He
tried to reassure himself, but it was in vain. He committed his
thoughts to a diary, weighing scrupulously his every motive,
examining with relentless searchings into the depths of his
heart. Perhaps, after all, his longings for preferment were
merely legitimatehopes for 'an elevation into a sphere of higher
usefulness'. But no. there was something more than that. 'I do
feel pleasure,' he noted, 'in honour, precedence, elevation, the
society of great people, and all this is very shameful and mean.'
After Newman's conversion, he almost convinced himself that his
'visions of an ecclesiastical future' were justified by the role
that he would play as a 'healer of the breach in the Church of
England'. Mr. Gladstone agreed with him; but there was One higher
than Mr. Gladstone, and did He agree? 'I am pierced by anxious
thoughts. God knows what my desires have been and are, and why
they are crossed. ... I am flattering myself with a fancy about
depth and reality. ... The great question is: Is God enough for
you now?
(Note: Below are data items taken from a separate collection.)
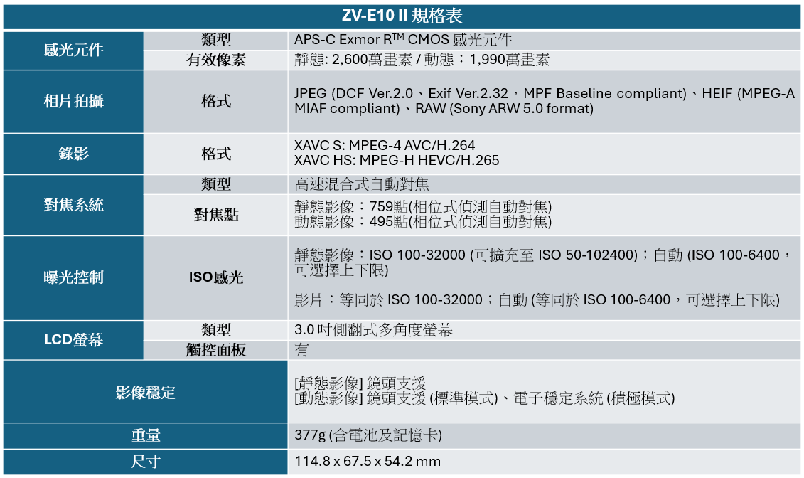 Sony ZV-E10 II 搭配最大可達2,600萬像素的 Exmor R™ CMOS感光元件,採用 Sony 最新 BIONZ XR™影像處理器以提高畫質表現,並改善自動變焦功能、於動態影像拍攝加入可拍出具電影風格影片的影視部落格設定 、全新直式操作介面。
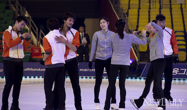 피겨여왕 김연아와 세계적인 피겨스타들이 함께 하는 'E1 올댓스케이트 스프링 2012' 기자간담회 및 공개연습이 5월 3일 오후 3시 서울시 송파구 방이동 올림픽공원 체조경기장 특설링크에서 진행됐다.
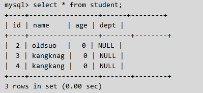 默认值,创建列时可以指定默认值,当插入数据时如果未主动设置,则自动添加默认值
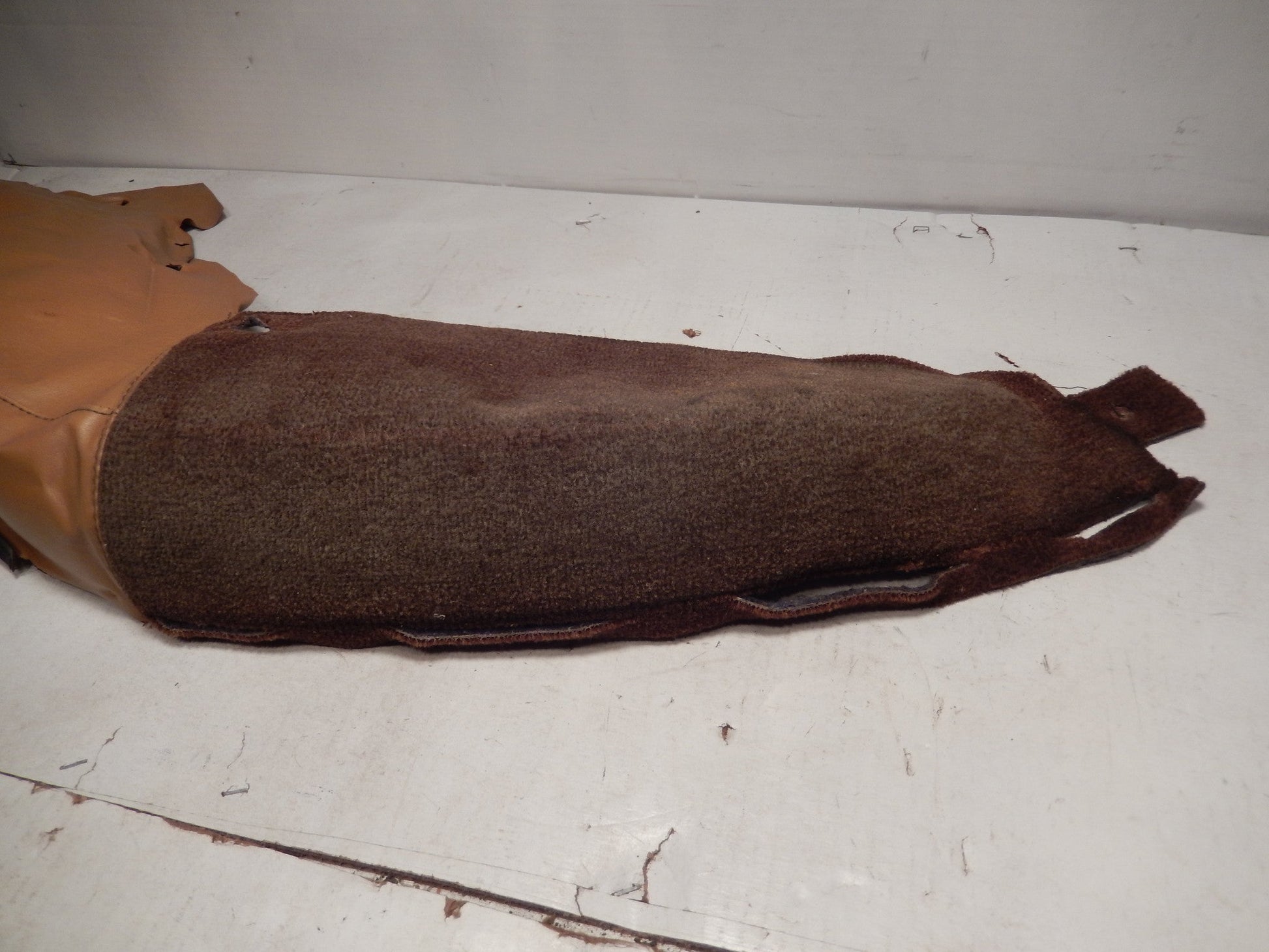 Volvo P1800ES OEM Drivers Side Wheel Well Cover in Very Nice Condition. Both the Tan Material and the Carpet are in Excellent Condition. With a light cleaning the carpet section will have beautiful vintage , original color. Two Mini Cuts on tan material. ( pictured ) Guaranteed.
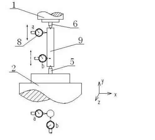 ③将指示器测头在b方向触及检验棒,沿Y轴方向移动磨头主轴,指示器在所述第二检验棒两端位置读数的差值,就是所述数控加工中心639cc全民彩主轴与所述尾架轴回转中心b方向的同心度误差,计为b。
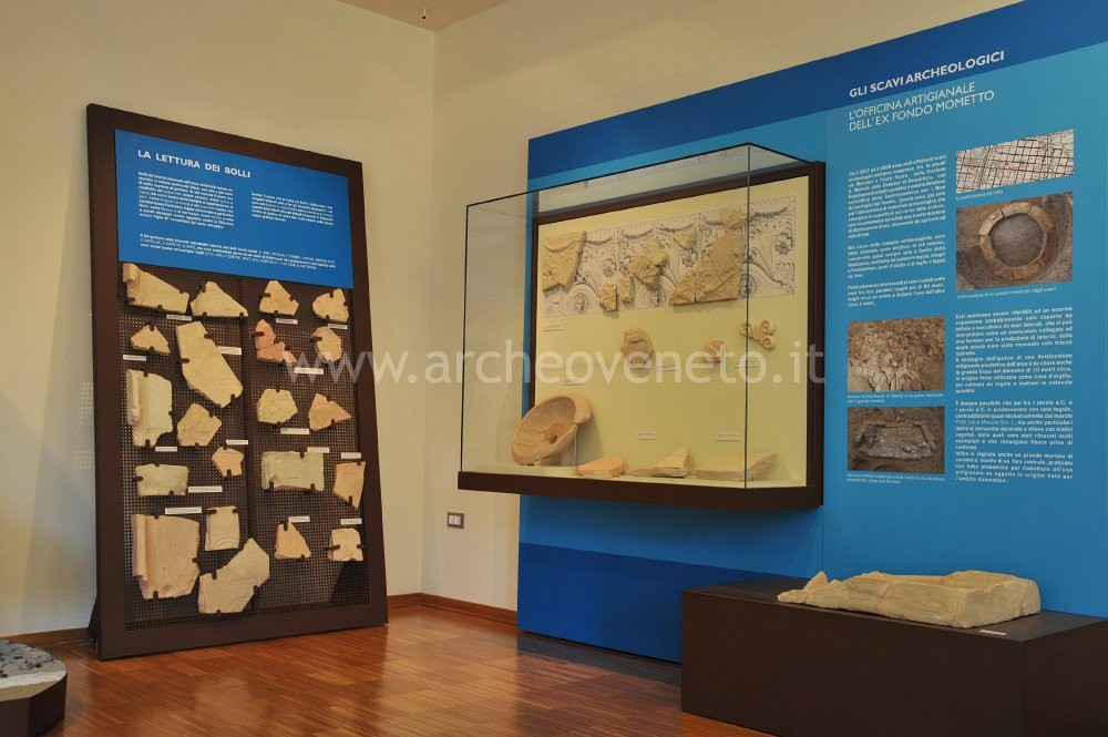 Nella parte centrale della sala è esposto un pozzo e i reperti raccolti durante lo scavo dell’officina artigianale dell’ex Fondo Mometto (I sec. d.C.); questi consistono in frammenti di terracotte architettoniche (lastre decorate e antefisse), frammenti di tegole bollate, un grande mortaio in ceramica con foro e una vasca in terracotta.

And if you are as now even to the end of life, will it
suffice you? ... Certainly I would rather choose to be stayed on
God, than to be in the thrones of the world and the Church.
Nothing else will go into Eternity.'
In a moment of ambition, he had applied for the Readership of
Lincoln's Inn, but, owing chiefly to the hostile influence of the
Record, the appointment had gone elsewhere.